- [Provided data]
⁂
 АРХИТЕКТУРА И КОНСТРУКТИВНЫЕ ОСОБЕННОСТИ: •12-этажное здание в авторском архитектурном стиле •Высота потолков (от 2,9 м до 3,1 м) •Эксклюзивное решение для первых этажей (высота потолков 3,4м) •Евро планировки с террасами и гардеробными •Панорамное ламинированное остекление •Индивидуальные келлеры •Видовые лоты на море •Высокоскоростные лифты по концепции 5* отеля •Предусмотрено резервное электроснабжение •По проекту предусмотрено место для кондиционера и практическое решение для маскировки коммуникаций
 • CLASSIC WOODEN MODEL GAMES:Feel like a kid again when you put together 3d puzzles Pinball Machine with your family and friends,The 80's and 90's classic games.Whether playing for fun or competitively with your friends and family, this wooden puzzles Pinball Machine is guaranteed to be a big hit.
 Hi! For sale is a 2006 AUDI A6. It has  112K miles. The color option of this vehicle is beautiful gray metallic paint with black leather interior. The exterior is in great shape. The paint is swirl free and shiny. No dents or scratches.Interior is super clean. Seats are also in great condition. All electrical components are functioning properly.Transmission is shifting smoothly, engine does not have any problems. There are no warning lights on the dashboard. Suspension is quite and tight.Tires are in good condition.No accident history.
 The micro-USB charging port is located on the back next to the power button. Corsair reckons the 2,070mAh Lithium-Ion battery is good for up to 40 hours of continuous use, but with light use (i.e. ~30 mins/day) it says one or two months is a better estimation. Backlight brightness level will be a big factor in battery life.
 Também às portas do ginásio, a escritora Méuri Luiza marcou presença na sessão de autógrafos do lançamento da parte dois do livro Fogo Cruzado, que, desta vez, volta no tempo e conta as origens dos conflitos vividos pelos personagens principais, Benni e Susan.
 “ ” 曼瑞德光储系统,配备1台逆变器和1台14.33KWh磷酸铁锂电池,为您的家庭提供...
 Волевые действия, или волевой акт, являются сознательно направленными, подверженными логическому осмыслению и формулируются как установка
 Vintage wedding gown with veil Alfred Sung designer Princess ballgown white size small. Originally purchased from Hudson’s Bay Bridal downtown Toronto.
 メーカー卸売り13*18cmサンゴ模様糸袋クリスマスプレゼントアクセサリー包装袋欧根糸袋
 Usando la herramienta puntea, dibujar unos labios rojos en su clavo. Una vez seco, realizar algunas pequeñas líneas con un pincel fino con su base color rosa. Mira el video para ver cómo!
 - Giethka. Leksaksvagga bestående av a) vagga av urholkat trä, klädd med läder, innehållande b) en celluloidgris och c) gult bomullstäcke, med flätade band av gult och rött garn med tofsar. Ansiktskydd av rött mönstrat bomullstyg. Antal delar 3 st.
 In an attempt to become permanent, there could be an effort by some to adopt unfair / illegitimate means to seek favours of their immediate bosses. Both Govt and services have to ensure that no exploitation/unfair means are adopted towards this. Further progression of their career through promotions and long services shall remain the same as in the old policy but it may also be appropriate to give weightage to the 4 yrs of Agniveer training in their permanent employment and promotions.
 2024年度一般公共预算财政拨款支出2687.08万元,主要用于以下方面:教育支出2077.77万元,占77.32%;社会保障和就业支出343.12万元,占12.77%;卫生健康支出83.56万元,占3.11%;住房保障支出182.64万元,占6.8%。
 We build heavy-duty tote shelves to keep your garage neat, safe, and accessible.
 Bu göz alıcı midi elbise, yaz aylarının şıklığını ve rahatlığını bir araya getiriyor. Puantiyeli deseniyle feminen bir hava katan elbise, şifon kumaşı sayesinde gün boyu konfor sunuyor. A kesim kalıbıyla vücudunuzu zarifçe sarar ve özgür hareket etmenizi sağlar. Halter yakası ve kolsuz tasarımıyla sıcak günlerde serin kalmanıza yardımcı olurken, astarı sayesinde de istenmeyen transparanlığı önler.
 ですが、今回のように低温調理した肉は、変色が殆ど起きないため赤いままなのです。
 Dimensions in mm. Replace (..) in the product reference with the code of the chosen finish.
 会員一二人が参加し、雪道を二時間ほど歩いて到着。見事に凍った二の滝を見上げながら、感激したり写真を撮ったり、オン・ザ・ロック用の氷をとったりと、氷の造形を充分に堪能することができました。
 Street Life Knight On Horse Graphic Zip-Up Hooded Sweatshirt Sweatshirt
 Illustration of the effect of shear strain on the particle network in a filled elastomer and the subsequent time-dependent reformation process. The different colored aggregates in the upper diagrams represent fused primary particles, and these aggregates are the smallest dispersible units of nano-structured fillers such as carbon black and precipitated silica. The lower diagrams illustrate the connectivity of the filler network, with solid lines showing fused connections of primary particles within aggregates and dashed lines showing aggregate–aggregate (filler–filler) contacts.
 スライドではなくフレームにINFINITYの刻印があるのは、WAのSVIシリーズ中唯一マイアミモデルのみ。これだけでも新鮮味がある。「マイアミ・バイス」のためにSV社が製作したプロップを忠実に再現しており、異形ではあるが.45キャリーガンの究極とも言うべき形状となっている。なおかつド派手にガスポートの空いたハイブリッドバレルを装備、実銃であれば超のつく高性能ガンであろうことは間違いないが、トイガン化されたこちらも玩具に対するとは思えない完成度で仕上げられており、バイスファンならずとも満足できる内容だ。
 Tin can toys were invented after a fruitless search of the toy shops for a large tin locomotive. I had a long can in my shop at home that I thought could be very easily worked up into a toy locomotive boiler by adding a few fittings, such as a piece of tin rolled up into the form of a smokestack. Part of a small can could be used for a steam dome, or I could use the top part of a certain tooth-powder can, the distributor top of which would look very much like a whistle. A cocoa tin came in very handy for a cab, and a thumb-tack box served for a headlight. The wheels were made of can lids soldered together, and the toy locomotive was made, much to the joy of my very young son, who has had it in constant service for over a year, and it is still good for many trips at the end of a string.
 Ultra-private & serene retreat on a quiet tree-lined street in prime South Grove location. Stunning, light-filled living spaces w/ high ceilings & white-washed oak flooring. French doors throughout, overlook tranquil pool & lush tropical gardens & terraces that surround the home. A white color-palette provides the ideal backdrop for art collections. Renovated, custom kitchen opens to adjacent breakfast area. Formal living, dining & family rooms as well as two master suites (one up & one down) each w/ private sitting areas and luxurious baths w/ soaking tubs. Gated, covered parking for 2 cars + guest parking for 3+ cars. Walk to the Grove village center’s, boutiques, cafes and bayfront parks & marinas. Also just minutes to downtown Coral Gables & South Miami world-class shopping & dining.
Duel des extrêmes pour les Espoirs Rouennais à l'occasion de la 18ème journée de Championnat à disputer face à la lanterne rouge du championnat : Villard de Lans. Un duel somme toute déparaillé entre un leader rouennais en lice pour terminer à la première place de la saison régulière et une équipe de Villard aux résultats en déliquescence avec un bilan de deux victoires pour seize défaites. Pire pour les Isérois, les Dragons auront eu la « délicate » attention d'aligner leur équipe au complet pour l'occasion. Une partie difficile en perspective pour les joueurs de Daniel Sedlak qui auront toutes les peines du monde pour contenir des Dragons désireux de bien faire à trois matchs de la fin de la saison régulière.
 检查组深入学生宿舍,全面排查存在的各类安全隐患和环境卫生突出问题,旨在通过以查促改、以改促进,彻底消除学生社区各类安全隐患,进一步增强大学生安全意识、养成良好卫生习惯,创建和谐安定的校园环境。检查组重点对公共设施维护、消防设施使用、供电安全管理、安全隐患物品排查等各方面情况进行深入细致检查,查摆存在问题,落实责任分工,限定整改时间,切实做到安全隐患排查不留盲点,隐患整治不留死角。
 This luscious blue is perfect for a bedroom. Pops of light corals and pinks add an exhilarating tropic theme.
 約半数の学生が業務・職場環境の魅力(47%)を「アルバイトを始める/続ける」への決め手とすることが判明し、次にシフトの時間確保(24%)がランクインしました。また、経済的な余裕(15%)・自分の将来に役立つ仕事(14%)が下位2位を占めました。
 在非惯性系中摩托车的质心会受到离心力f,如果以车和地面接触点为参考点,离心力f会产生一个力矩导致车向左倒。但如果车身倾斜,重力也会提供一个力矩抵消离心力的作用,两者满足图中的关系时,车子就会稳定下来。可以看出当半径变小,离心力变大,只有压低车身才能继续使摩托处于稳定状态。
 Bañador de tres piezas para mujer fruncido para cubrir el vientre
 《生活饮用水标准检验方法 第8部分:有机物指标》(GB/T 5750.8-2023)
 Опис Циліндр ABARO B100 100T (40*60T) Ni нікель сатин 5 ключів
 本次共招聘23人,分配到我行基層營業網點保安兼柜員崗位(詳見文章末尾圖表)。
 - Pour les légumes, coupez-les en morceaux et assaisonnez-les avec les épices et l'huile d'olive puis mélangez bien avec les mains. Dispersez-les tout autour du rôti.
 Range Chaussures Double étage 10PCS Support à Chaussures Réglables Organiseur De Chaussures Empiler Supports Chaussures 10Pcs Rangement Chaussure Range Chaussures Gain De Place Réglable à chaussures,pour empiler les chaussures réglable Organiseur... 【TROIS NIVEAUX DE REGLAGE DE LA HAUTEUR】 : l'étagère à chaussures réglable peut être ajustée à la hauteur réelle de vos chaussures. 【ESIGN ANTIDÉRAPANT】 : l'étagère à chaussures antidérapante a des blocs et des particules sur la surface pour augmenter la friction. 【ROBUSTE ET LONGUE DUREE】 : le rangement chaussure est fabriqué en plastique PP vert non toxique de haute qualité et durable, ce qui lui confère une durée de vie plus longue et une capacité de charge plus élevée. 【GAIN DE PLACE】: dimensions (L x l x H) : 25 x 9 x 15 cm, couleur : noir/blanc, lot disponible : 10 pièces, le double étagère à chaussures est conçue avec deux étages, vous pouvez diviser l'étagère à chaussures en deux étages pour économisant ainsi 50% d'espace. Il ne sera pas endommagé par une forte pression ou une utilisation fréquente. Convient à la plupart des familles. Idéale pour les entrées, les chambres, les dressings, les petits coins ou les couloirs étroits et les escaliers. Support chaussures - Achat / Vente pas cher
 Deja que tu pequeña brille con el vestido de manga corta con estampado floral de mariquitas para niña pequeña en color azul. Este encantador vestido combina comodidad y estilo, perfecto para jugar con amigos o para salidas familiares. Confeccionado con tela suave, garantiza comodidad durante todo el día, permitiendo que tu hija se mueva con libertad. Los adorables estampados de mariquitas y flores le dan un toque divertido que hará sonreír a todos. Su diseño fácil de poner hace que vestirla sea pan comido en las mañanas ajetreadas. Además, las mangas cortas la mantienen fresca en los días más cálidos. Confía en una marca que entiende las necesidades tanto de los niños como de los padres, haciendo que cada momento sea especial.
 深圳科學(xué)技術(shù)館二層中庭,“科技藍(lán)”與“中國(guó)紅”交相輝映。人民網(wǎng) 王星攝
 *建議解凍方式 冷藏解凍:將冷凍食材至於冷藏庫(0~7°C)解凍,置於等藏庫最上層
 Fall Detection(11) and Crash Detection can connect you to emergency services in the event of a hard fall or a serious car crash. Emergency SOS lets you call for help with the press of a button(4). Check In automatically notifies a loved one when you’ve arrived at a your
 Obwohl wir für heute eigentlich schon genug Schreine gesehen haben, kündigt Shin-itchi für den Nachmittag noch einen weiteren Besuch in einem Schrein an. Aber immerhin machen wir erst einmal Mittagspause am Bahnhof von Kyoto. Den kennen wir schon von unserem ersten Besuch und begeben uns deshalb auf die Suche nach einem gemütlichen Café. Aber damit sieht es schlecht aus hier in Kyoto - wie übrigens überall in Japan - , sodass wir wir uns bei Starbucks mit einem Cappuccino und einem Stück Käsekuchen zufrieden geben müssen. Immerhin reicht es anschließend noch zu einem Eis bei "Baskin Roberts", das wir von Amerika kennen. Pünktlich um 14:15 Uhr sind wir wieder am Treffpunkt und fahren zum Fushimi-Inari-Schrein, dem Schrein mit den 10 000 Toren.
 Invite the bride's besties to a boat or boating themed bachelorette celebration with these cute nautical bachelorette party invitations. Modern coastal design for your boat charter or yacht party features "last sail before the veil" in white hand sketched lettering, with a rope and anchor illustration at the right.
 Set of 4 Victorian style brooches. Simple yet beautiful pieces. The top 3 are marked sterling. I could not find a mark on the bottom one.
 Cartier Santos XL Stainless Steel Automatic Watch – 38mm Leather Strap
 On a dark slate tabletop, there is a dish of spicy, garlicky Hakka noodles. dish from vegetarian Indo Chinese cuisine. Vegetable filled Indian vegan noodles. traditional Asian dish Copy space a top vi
⁂
Word for word, restate the listing above from its first line to the line with "be a big hit.", keeping both.

 АРХИТЕКТУРА И КОНСТРУКТИВНЫЕ ОСОБЕННОСТИ: •12-этажное здание в авторском архитектурном стиле •Высота потолков (от 2,9 м до 3,1 м) •Эксклюзивное решение для первых этажей (высота потолков 3,4м) •Евро планировки с террасами и гардеробными •Панорамное ламинированное остекление •Индивидуальные келлеры •Видовые лоты на море •Высокоскоростные лифты по концепции 5* отеля •Предусмотрено резервное электроснабжение •По проекту предусмотрено место для кондиционера и практическое решение для маскировки коммуникаций
 • CLASSIC WOODEN MODEL GAMES:Feel like a kid again when you put together 3d puzzles Pinball Machine with your family and friends,The 80's and 90's classic games.Whether playing for fun or competitively with your friends and family, this wooden puzzles Pinball Machine is guaranteed to be a big hit.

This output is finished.